What you should do:
Repeat the lines from the line with "2月13日,材料学院召开领导" to the line with "婁雙公路通行正常,未出交通事" in the listing below, keeping both end lines and adding nothing.

Task material:
******************************

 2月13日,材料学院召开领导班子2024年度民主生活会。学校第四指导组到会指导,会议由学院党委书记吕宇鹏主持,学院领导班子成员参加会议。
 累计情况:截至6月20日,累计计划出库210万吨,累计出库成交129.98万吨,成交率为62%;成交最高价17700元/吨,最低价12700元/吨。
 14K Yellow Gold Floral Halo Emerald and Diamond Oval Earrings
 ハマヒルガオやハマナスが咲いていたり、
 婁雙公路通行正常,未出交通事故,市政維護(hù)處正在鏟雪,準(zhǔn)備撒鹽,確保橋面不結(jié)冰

******************************

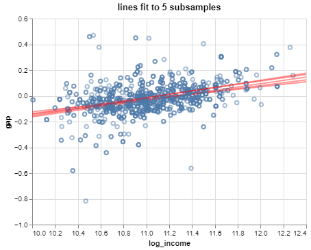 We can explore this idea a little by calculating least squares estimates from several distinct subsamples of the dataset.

******************************

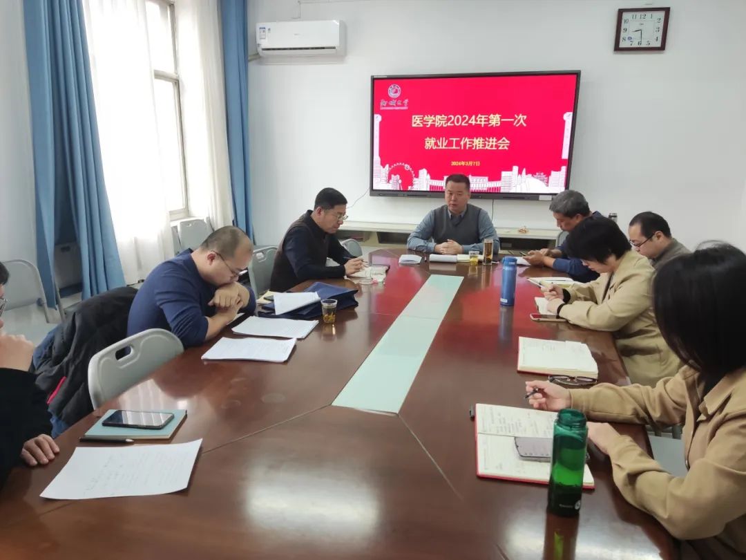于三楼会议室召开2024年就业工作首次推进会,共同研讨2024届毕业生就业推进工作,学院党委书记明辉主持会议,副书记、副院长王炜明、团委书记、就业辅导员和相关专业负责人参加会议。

******************************

Solution for this problem:
 2月13日,材料学院召开领导班子2024年度民主生活会。学校第四指导组到会指导,会议由学院党委书记吕宇鹏主持,学院领导班子成员参加会议。
 累计情况:截至6月20日,累计计划出库210万吨,累计出库成交129.98万吨,成交率为62%;成交最高价17700元/吨,最低价12700元/吨。
 14K Yellow Gold Floral Halo Emerald and Diamond Oval Earrings
 ハマヒルガオやハマナスが咲いていたり、
 婁雙公路通行正常,未出交通事故,市政維護(hù)處正在鏟雪,準(zhǔn)備撒鹽,確保橋面不結(jié)冰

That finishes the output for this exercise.